Friday, April 13, 2012

The Fear of Doubt

We give Thomas a hard time. It wasn't his fault that he was out buying groceries, or whatever reason he wasn't trapped by fear with the others in that room. Maybe he just wasn't as afraid.

Thomas, from the little we know of him, was the practical one. He was the one, when Jesus said they were going to Bethel to see dead Lazarus, "Let's all go and die with him." It might very well be that Thomas was just getting on with his life. It was really too bad that Jesus died, horrible really, but he was gone and and the cupboard is empty....

So Thomas wasn't there that first Easter Sunday evening when Jesus appears to the rest of the gang. He shows them his wounds, eats fish and generally set their minds at ease. This is real. When they tell Thomas, he wants the same level of proof that the others got. It's only fair. Jesus seems to think so. The next Sunday he shows up again and gives Thomas exactly what he asked for.

There is a fundamental shift in Thomas' perspective. He drops to his knees and cries out "My Lord and My God." I think this is the moment of his real call. Up to this second he was on board because it was the logical thing to do. He wanted to change the world and Jesus looked like a good bet. It would explain his lack of fear the week before. It wasn't that he didn't care, but it wasn't personal.

When Jesus shows up with his wounds and his knowledge of Thomas' doubt, the world shifts and suddenly Thomas is following is Jesus the person, not Jesus the idea. It is at this point that a lot of us get hung up. We are dedicated to Jesus the idea. Either the idea is not a very powerful one and it doesn't move us past our intellectual coolness, or the idea is a very emotional one and we need to protect it fiercely against all threats so that it doesn't get lost.

In either case doubt is a problem. If we are just intellectual Christians, than doubt is immaterial. We can change and shift our idea so it still matches what we want from it. We can even give it up and follow a different idea because it doesn't connect with the rest of our being.
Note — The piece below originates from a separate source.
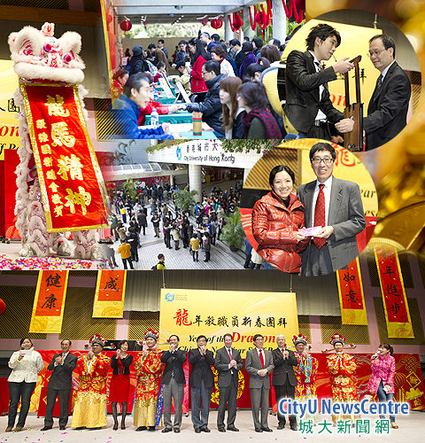 香港城市大學送兔迎龍,一千多名教職員於1月31日中午聚首一堂,參加人力資源處組織的龍年新春團拜,慶祝龍年來臨。
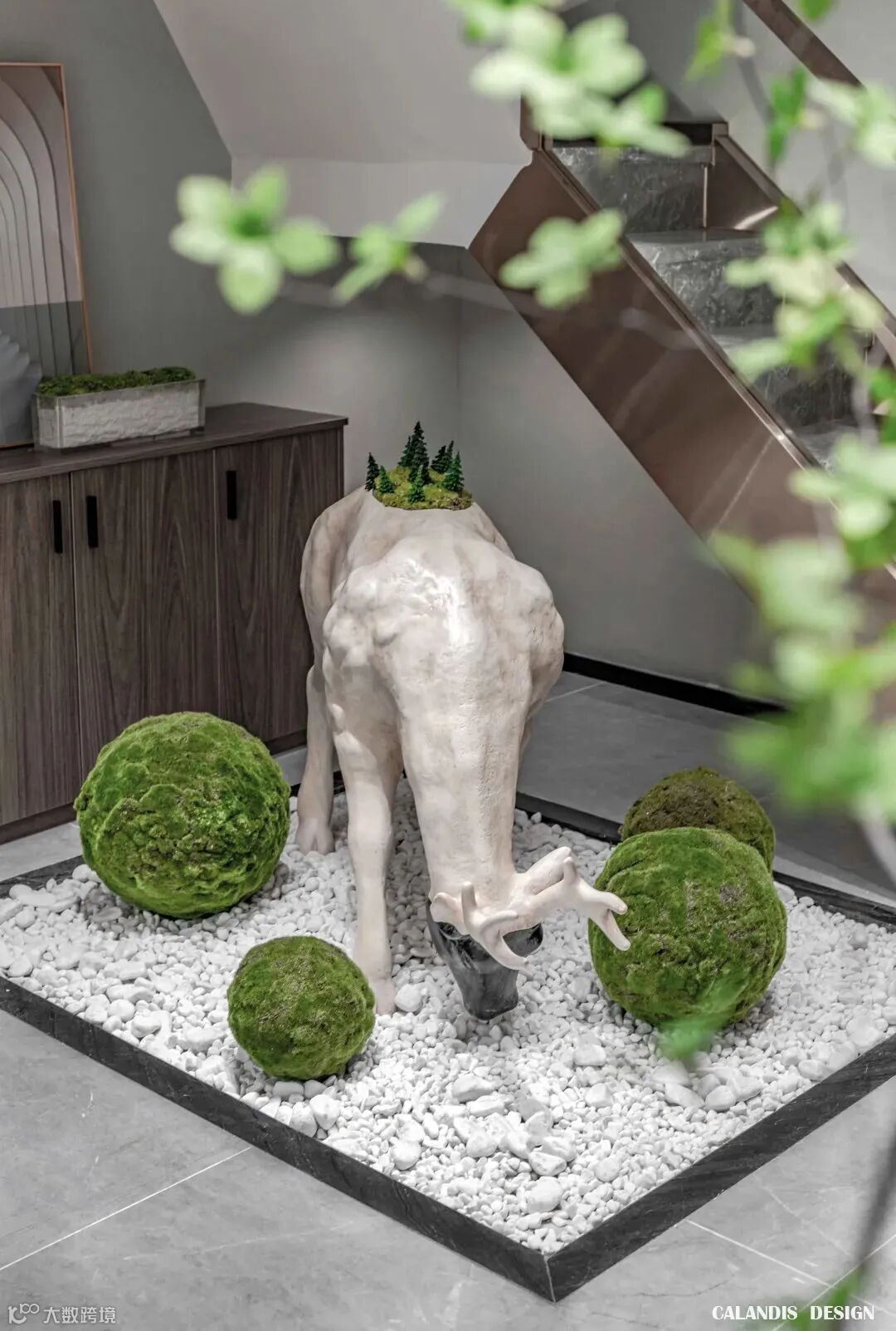 楼梯间“食草鹿”雕塑寓意着吉祥与春意盎然。

It never becomes more than an idea.

With the emotional connection to the idea, doubt is a threat. If we doubt, question, probe the idea maybe it will lose its power and our connection to it will fail. So the idea never really gets tested.

Either way we are a people who hate doubt. We want to know with exactitude. We have polls and surveys. We bring up statistics. We create scientific models. We argue, but we rarely doubt, we rarely question ourselves in the midst of screaming questions at other.

Doubt is a powerful pathway to faith. Thomas doubted and the resolution of his doubt changed him. He brought Christianity to India. He was driven, not by pragmatism, but by his relationship with the person Jesus.

Doubt pushes us to go deeper, past the intellectual, past the emotions to a place where we don't find certainty, but a person.